- [WHAT NEEDS TO BE DONE]: In the entries below, find the line with "Face à la conjoncture" and the line with "The Gravestone Duffle’s", then retype both and everything between them exactly. Do not copy the pictures.

- [DATA SHOWN]:
[Start of Attachment]

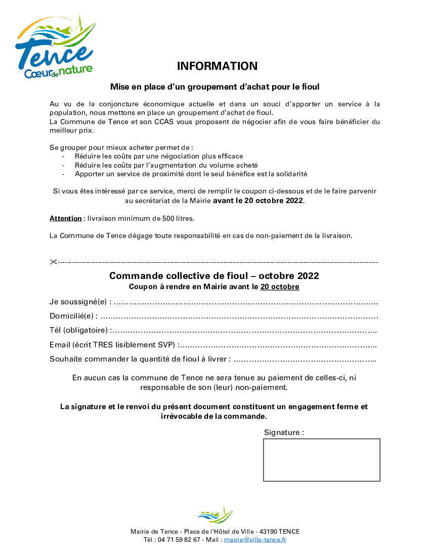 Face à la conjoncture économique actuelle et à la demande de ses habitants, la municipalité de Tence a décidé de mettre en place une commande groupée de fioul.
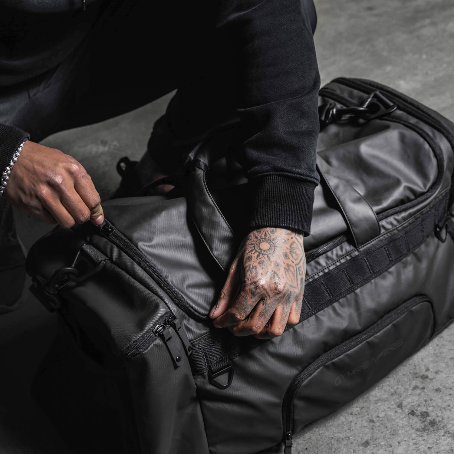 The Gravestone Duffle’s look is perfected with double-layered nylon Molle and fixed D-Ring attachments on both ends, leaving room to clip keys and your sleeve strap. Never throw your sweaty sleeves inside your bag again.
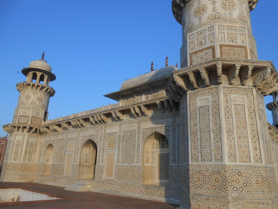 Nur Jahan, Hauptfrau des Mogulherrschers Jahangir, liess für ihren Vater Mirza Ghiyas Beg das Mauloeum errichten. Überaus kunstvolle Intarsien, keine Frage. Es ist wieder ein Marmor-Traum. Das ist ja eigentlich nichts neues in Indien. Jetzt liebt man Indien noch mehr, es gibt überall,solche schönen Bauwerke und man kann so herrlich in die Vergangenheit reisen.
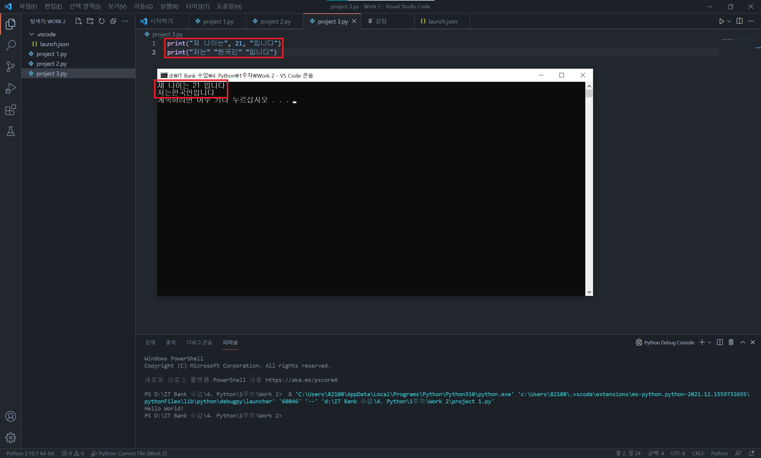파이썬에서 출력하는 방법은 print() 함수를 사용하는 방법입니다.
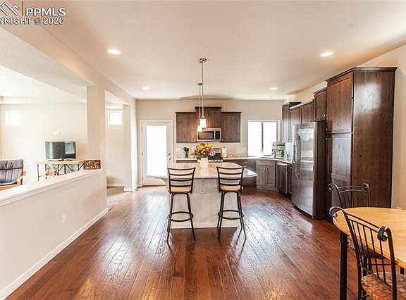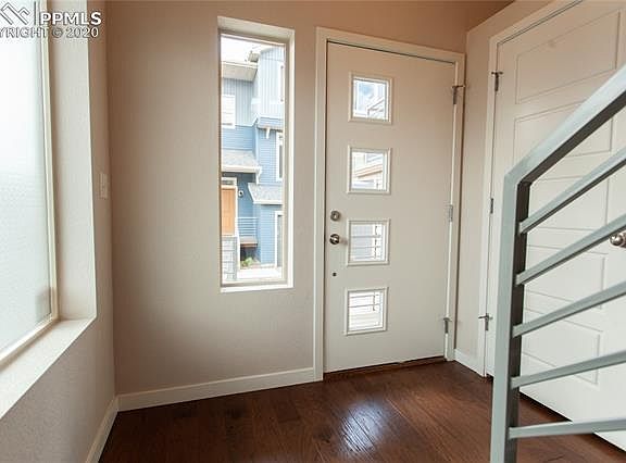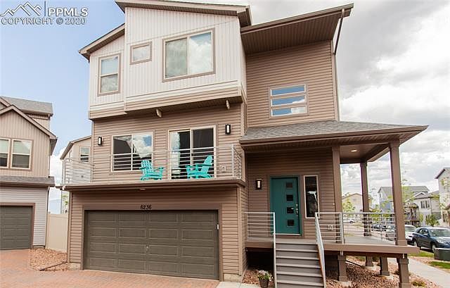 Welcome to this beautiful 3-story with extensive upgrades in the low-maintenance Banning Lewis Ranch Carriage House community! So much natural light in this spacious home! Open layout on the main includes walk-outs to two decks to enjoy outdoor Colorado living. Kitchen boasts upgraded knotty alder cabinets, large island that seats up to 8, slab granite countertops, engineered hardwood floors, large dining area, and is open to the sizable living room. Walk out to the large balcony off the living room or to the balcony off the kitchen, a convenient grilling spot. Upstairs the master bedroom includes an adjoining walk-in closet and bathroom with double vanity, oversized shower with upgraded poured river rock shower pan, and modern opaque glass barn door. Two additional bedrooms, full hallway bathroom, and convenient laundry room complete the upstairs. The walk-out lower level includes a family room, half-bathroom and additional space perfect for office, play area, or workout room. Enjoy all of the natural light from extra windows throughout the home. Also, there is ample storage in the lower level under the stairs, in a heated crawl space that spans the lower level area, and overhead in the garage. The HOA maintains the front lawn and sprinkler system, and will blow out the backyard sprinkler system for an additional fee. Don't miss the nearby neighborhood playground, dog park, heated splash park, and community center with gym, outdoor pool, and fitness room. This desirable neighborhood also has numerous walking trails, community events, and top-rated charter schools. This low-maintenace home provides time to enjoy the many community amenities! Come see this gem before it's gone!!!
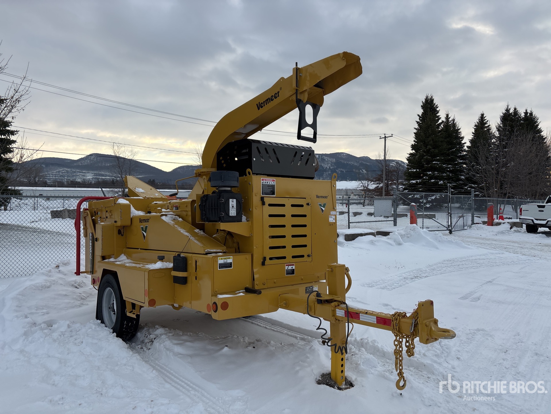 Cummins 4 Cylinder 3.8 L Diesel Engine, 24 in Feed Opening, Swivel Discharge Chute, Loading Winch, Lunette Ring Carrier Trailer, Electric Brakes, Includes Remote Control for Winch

[End of Attachment]
[Start of Attachment]

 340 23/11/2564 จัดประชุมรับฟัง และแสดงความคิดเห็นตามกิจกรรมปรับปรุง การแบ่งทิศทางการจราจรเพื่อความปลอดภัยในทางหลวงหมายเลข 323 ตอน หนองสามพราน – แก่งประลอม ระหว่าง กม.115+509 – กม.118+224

[End of Attachment]

- [YOUR SOLUTION]:
 Face à la conjoncture économique actuelle et à la demande de ses habitants, la municipalité de Tence a décidé de mettre en place une commande groupée de fioul.
 The Gravestone Duffle’s look is perfected with double-layered nylon Molle and fixed D-Ring attachments on both ends, leaving room to clip keys and your sleeve strap. Never throw your sweaty sleeves inside your bag again.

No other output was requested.